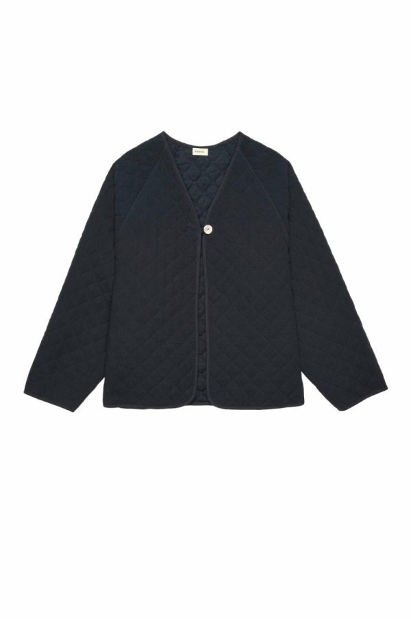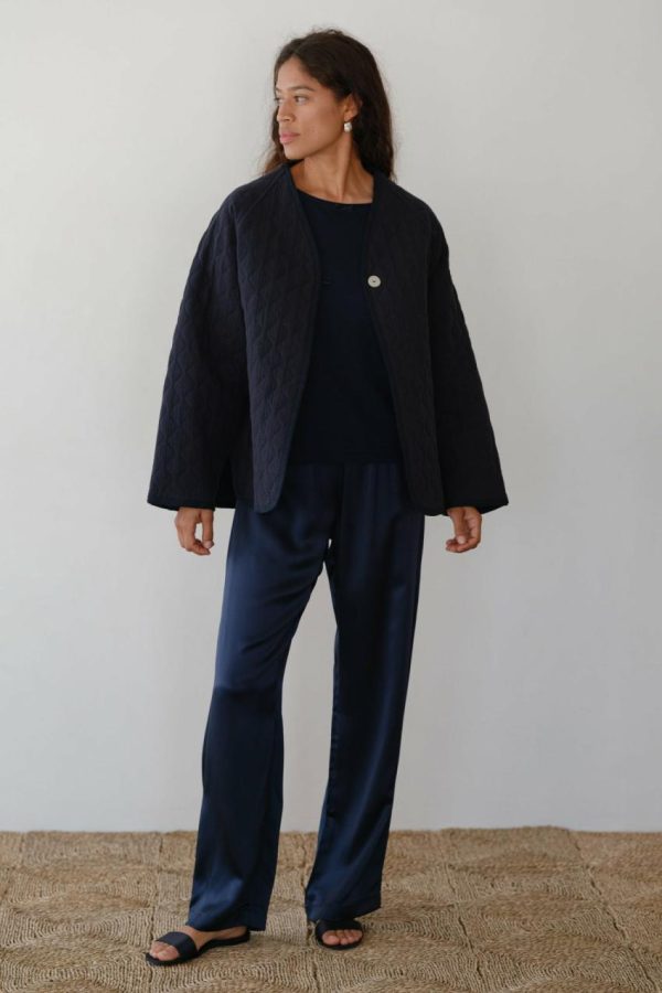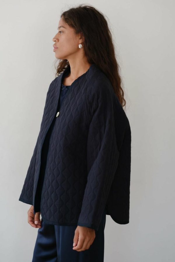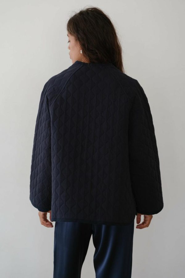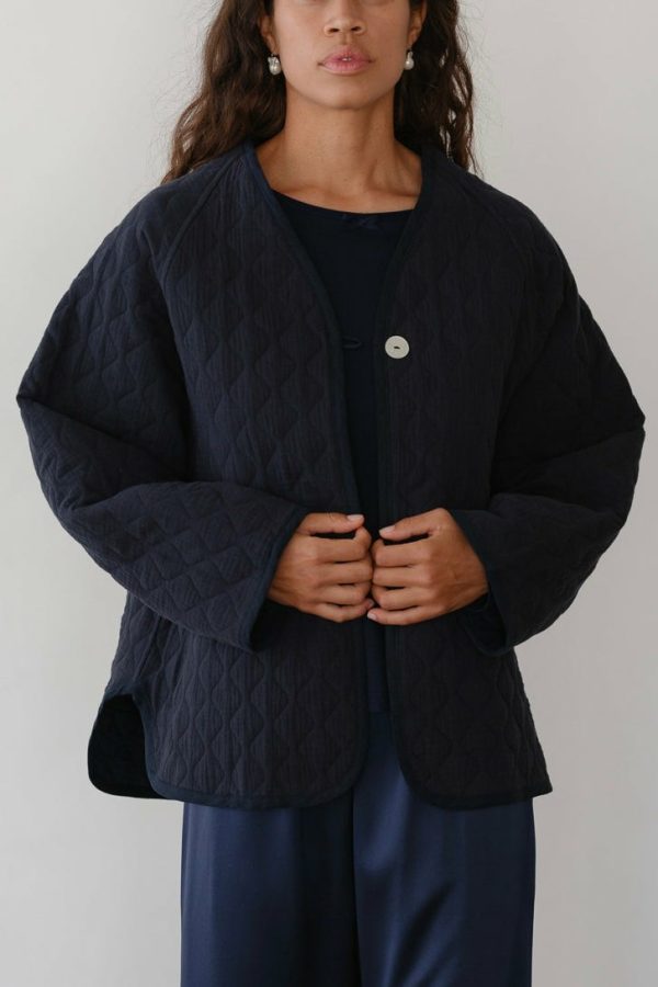 The Quilted Jacket is the ultimate cozy layer, designed with an oversized yet boxy silhouette for effortless dressing. It features a soft quilted texture, mother-of-pearl button closure, and contrast interior lining.
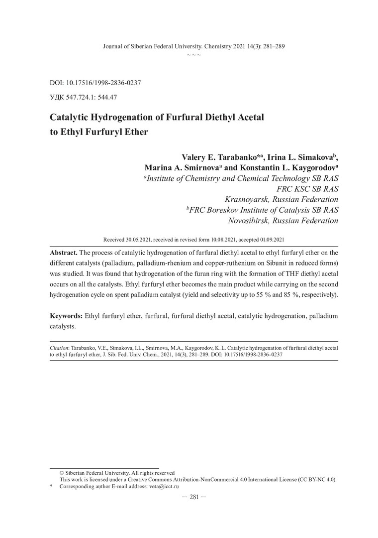 Библиографическое описание:Catalytic hydrogenation of furfural diethyl acetal to ethyl furfuryl ether = Каталитическое гидрирование диэтилацеталя фурфурола в этилфурфуриловый эфир / V. E. Tarabanko, I. L. Simakova, M. A. Smirnova, K. L. Kaygorodov. - Текст : непосредственный // Журнал Сибирского федерального университета. Химия. - 2021. - Т. 14, № 3. - С. 281-289. - Библиогр.: с. 288-289 (27 назв.). - ISSN 1998-2836.
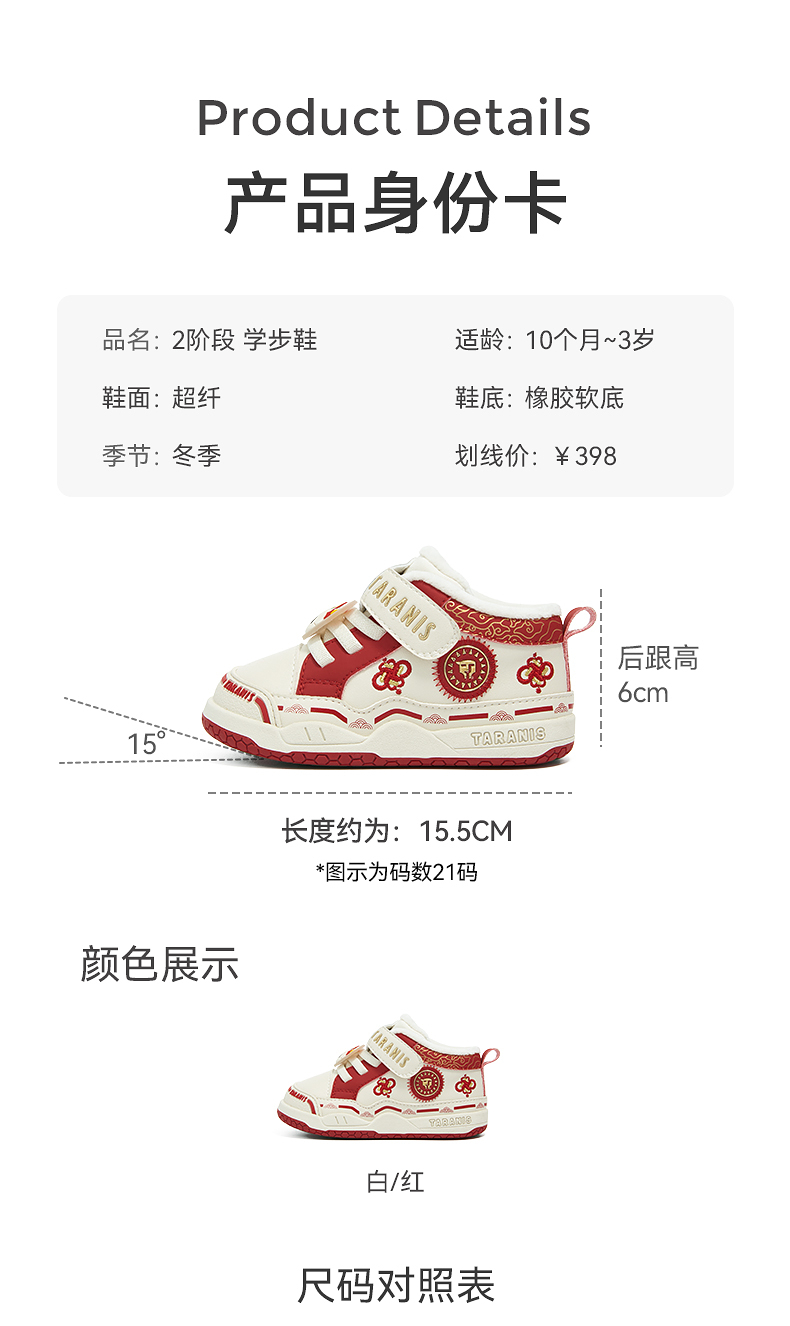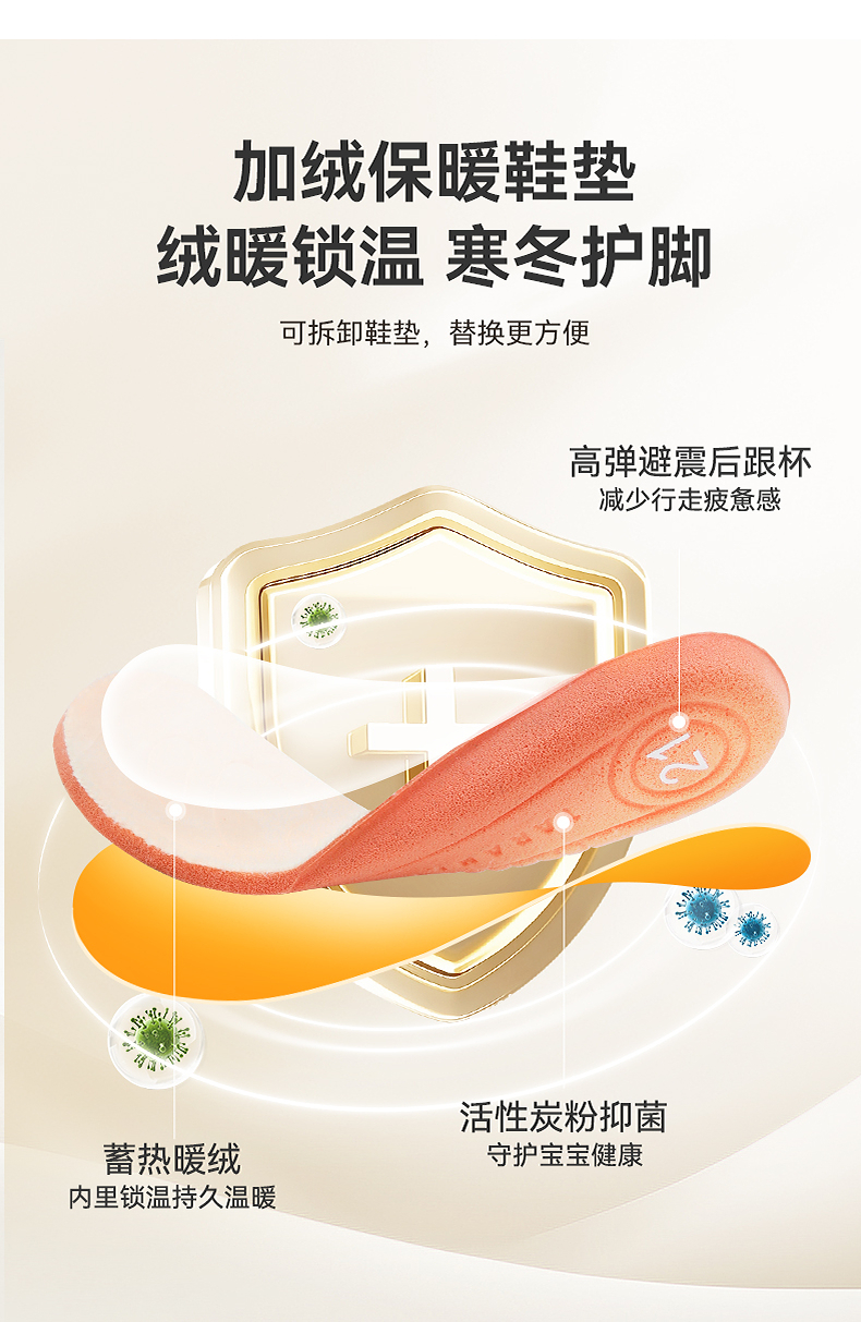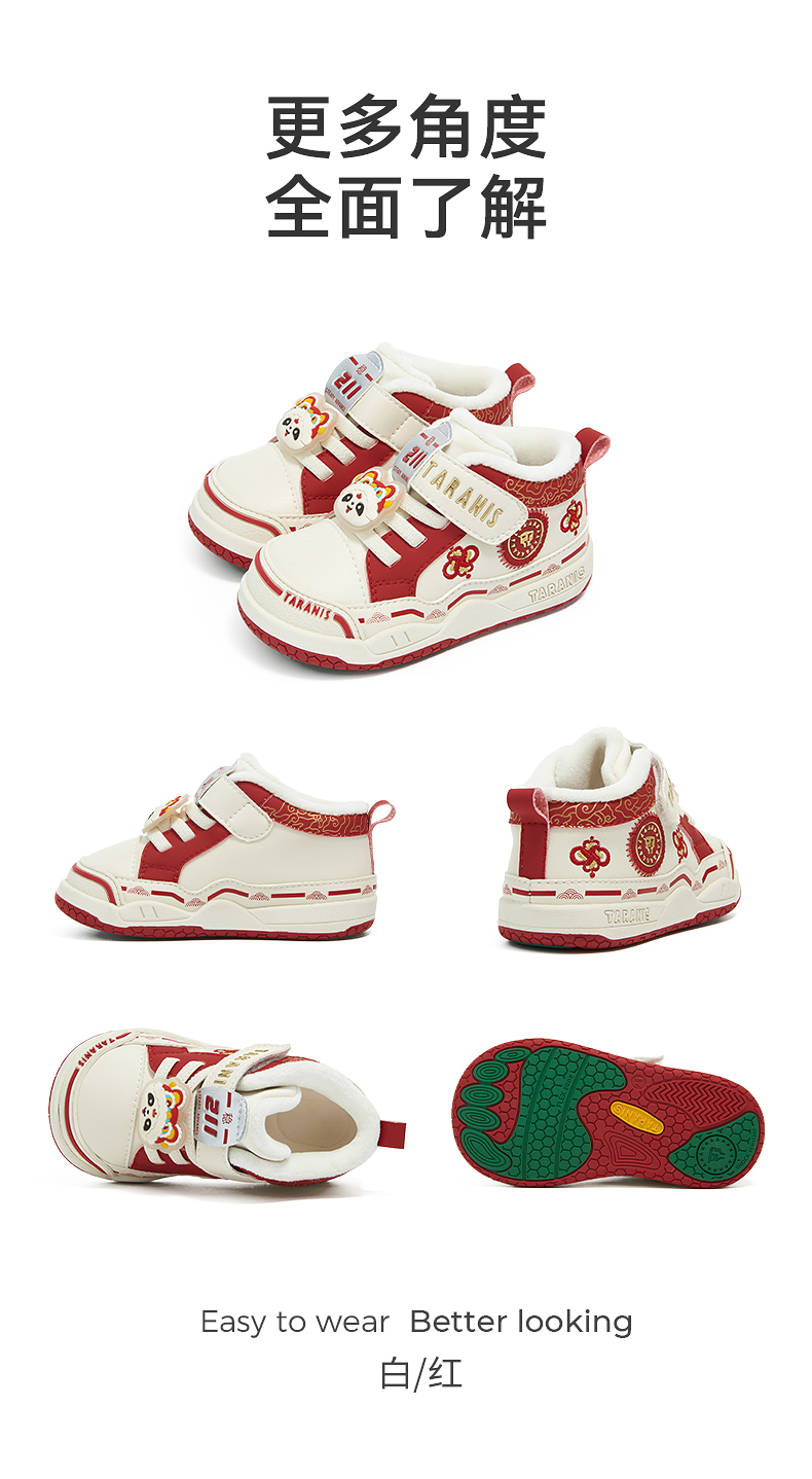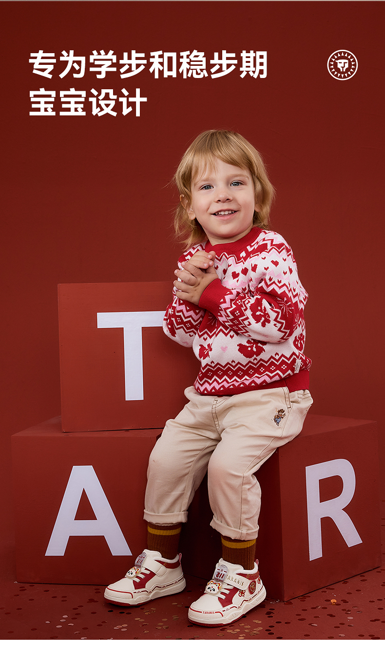 泰兰尼斯211学步鞋男宝宝冬季新年款童鞋防滑机能鞋加绒保暖女童T25T5D7527

···

### What you have to do:
Starting from the line that has "Библиографическое описание:Catalytic hydrogenation" and ending at the last line of the material above, every line should be output exactly; pictures are dropped and nothing else appears.

### Reply:
 Библиографическое описание:Catalytic hydrogenation of furfural diethyl acetal to ethyl furfuryl ether = Каталитическое гидрирование диэтилацеталя фурфурола в этилфурфуриловый эфир / V. E. Tarabanko, I. L. Simakova, M. A. Smirnova, K. L. Kaygorodov. - Текст : непосредственный // Журнал Сибирского федерального университета. Химия. - 2021. - Т. 14, № 3. - С. 281-289. - Библиогр.: с. 288-289 (27 назв.). - ISSN 1998-2836.
 泰兰尼斯211学步鞋男宝宝冬季新年款童鞋防滑机能鞋加绒保暖女童T25T5D7527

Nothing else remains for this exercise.